On top of all of that, when energy is needed, fat can also be broken down for energy. Glucagon (released during fasting) or epinephrine (released during exercise) activates adipose triglyceride lipase (ATGL), hormone-sensitive lipase (HSL), and monoglyceride lipase (MGL) for fatty acid liberation. These fatty acids can then be used for energy by most tissues with the help of mitochondria and the Krebs cycle.[3]

Clinical Significance

Abnormal levels of cholesterol and triglycerides in the blood usually occur due to the unusual assembly, breakdown, and transport of their lipoprotein particles. Increased plasma lipoproteins are termed as hyperlipoproteinemia, while decreased plasma lipoproteins are termed as hypolipoproteinemia.

Levels of plasma lipids are good indicators of the risk of cardiovascular disease (CVD). For instance, hyperlipoproteinemia is related to a greater risk of atherosclerotic cardiovascular disease, as well as a higher occurrence of ischemic vascular disease and development of fatty deposits, known as xanthomas and xanthelasmas. Elevated plasma concentration of total cholesterol and LDL are linked with an increased risk of coronary heart disease and raised plasma triglycerides, and VLDL are related to a greater prevalence of atherosclerotic heart disease. However, elevated levels of HDL cholesterol may protect against atherosclerotic heart disease, due to HDLs function of preventing excessive accumulation of cholesterol in the body.

Hypertriglyceridemia is a disorder with high levels of triglycerides in the blood. Five main disorders cause hypertriglyceridemia:

  • Familial hypertriglyceridemia: Has autosomal dominant inheritance that causes elevated VLDL levels in plasma 
  • Familial combined hyperlipidemia: An autosomal dominant disorder, characterized by excessive synthesis of lipoproteins containing apolipoprotein B 
  • Congenital lipoprotein lipase deficiency: Has autosomal recessive inheritance, which causes low to no lipoprotein lipase activity; typically there is chylomicron buildup in the blood and development of eruptive xanthomas   
  • Apoprotein CII deficiency: Has autosomal recessive inheritance, characterized by the lack of apoprotein CII, an essential cofactor for lipoprotein lipase activity; there is usually   chylomicron and VLDL accumulation in the plasma
  • Familial dysbetalipoproteinemia: A disorder in which there is a defect in apolipoprotein E; due to the buildup of remnant VLDL particles in the blood, there are higher plasma levels of cholesterol and triglycerides

Hypercholesterolemia is a disorder in which there are high cholesterol levels in the blood. There are 3 main conditions causing hypercholesterolemia:

  • Polygenic hypercholesterolemia: Tthe most common disorder to raise cholesterol levels; there are many genes involved that elevate LDL concentration in plasma
  • Familial hypercholesterolemia: An autosomal dominant disorder in which the gene for the LDL receptor is defective, so removal of LDL from plasma is not as effective.  
  • Familial combined hyperlipidemia: Discussed previously above 

Hyperalphalipoproteinemia is a disorder with elevated HDL levels in the plasma. Most cases are inherited through a dominant or polygenic manner and are linked with a lower risk of coronary artery disease.
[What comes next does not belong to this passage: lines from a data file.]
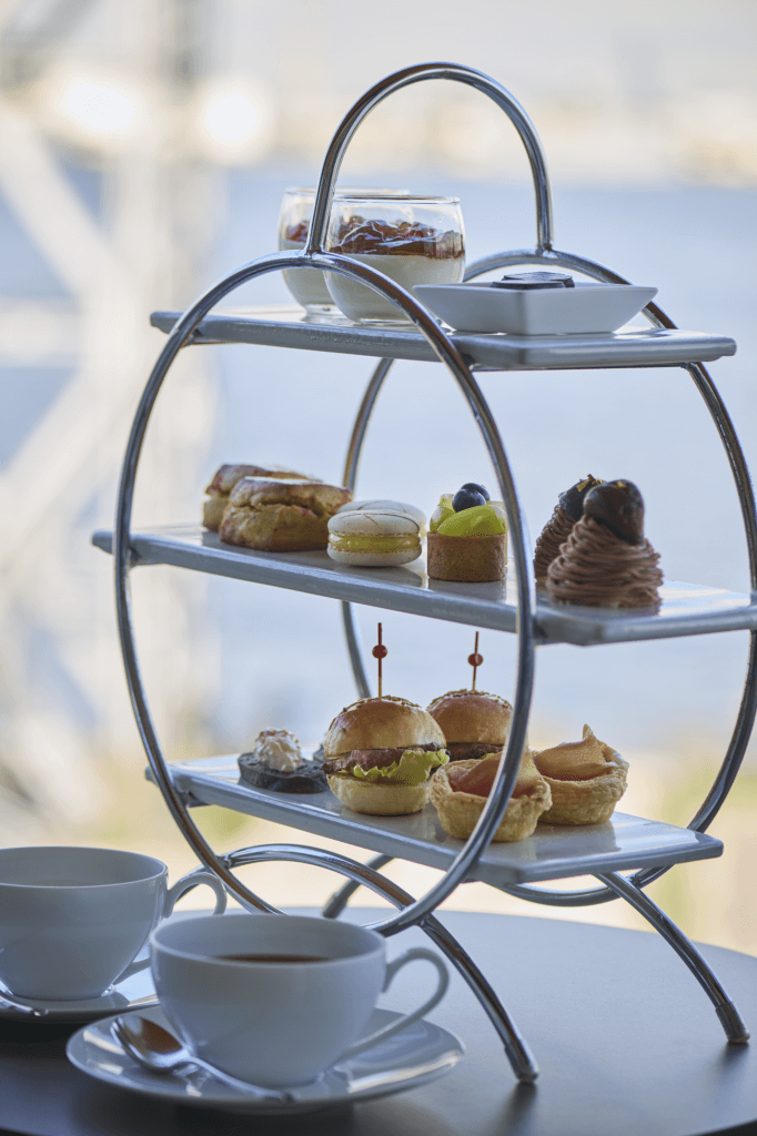 夕暮れから夜景に移りゆく海と街を傍らに、レストラン&バーで英国式「ハイティー」スタイルのプレート、セイボリー、スイーツで上質なティータイムを満喫できるプラン。
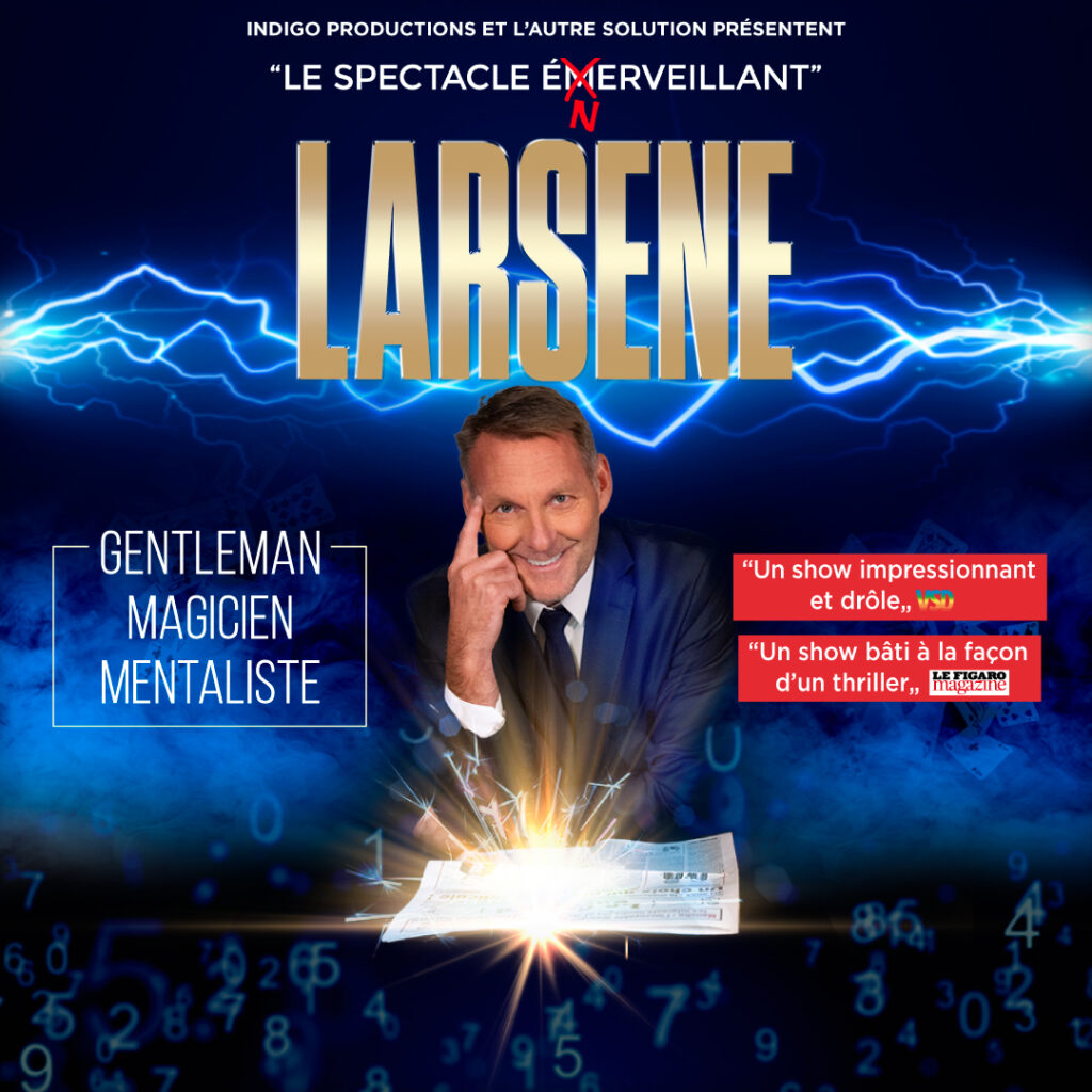Tant de célébrités du monde du cinéma, du sport, des médias notamment voient en lui « le plus grand magicien de tous ! » que l’on pourrait utiliser mille superlatifs pour décrire le talent et la dextérité de LARSENE, l’immense magicien-mentaliste. Mille superlatifs comme autant de morceaux de ce journal qu’il réduit en miettes chaque soir sur scène pour mieux le reconstituer, à l’identique, sous les yeux ébahis de spectateurs incapables de comprendre ce qu’il se passe… Alors certes, LARSENE est un véritable alchimiste de l’interaction corrosive avec un public dont il joue avec agilité et bienveillance… même si en effet, « ça peut parfois énerver ! » de ne pas percer ses insondables mystères.
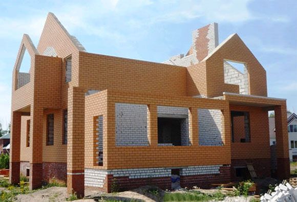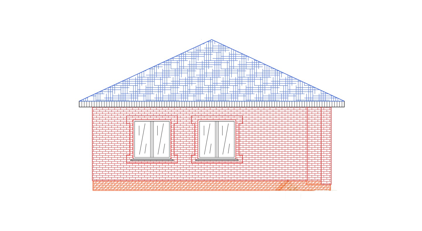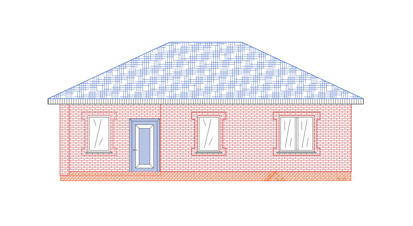 | Фасад | стены дома облицованы одинарным керамическим красным кирпичом. Цоколь выполнен из рядового красного кирпича под штукатурку или отделку камнем | |
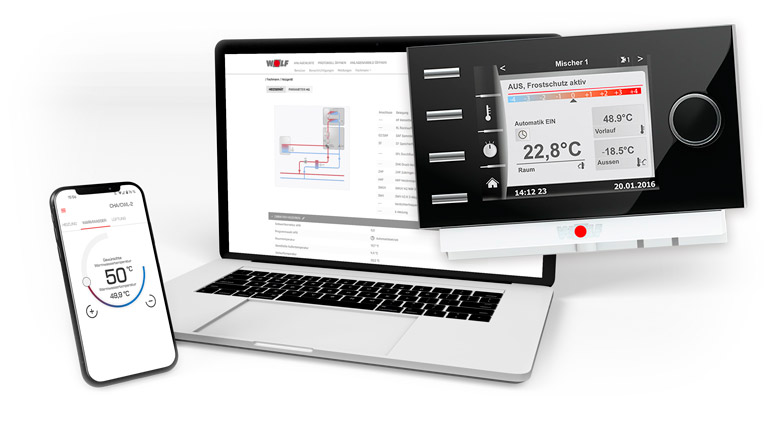 Nunca fue tal fácil, no pierda nunca el contacto con su equipo de calefacción. Todos los componentes de su equipo Wolf de calefacción interactúan y le ofrecen un manejo muy sencillo. Descubre el control personalizado con los componentes de Smarthome de WOLF.
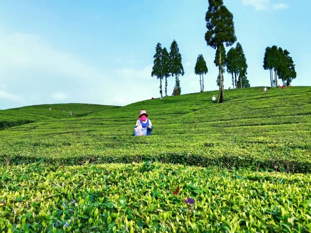 走累了,便寻一处茶垄间的空地坐下。四周是安静的绿,风过时,满坡的茶叶沙沙作响,像在说悄悄话。什么都可以想,什么都可以不想,只把自己交给这片茶海,让清冽的茶香从四面八方包裹过来。正当时,伴随着满坡的翠绿,按下快门,便可留下春天这鲜活的记忆。
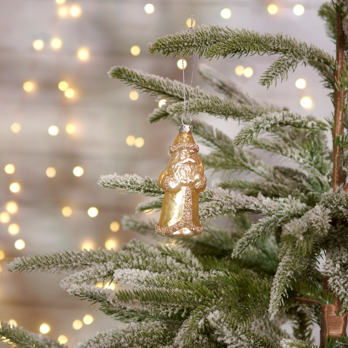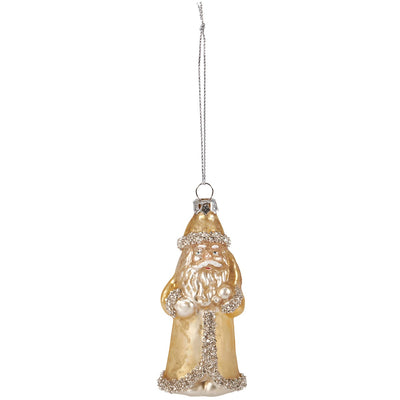 A glass ornament from our Christmas Collection displaying a vintage Santa design in gold outfit with glitter accents. Our glass Gold Santa ornament is ready to hang via the top loop and string. A vintage-style seasonal home accent perfect for a Christmas tree or for gifting.
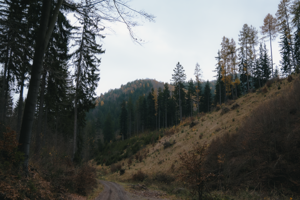 Po kilku kilometrach teren na chwilę się wypłaszcza, co daje złudne poczucie bezpieczeństwa… żeby po chwili znów zaserwować konkretny rollercoaster. W pewnym momencie przewyższenie dobijało aż do 37%, więc człowiek trochę czuł się jak w fabrycznym teście hamulców. Ale widoki leśne piękne, powietrze świeże, nogi działają – idziemy dalej.
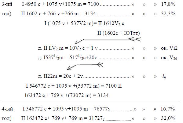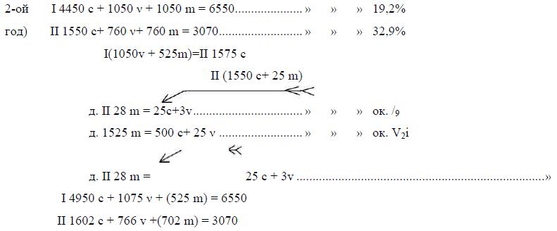 Понятно уже само собою, что если внести это изменение в схему, то получится более быстрое возрастание средств производства сравнительно с предметами потребления. Тем не менее, мне кажется, не лишним будет привести этот расчет, во-первых, для наглядности, а, во-вторых, для предупреждения возможных неправильных выводов из этой посылки.

High levels of plasma lipids can also be due to dietary factors, such as ingesting excess calories, saturated fatty acids, and cholesterol, as well as from drug intake.
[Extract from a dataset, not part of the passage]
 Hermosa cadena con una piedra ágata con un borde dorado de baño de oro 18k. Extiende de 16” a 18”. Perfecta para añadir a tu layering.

Hyperlipoproteinemias include three primary conditions:

  • Hypoalphalipoproteinemia: Characterized by decreased HDL cholesterol levels in plasma and is associated with a greater risk of coronary heart disease
  • Abetalipoproteinemia: An autosomal recessive disease; it is caused by apoprotein B deficiency and is characterized by the lack of chylomicrons, LDL, and VLDL in the blood
  • Tangier disease: Has autosomal recessive inheritance; plasma HDL is absent, which results in the synthesis of abnormal chylomicron remnants

Other disorders in which abnormal structural lipoproteins and their concentrations are present in blood are referred to as dyslipoproteinemia. One disorder of this kind is LCAT (lecithin-cholesterol acyltransferase) deficiency. Low activity of this enzyme causes unesterified cholesterol to accumulate in plasma and tissues.[3]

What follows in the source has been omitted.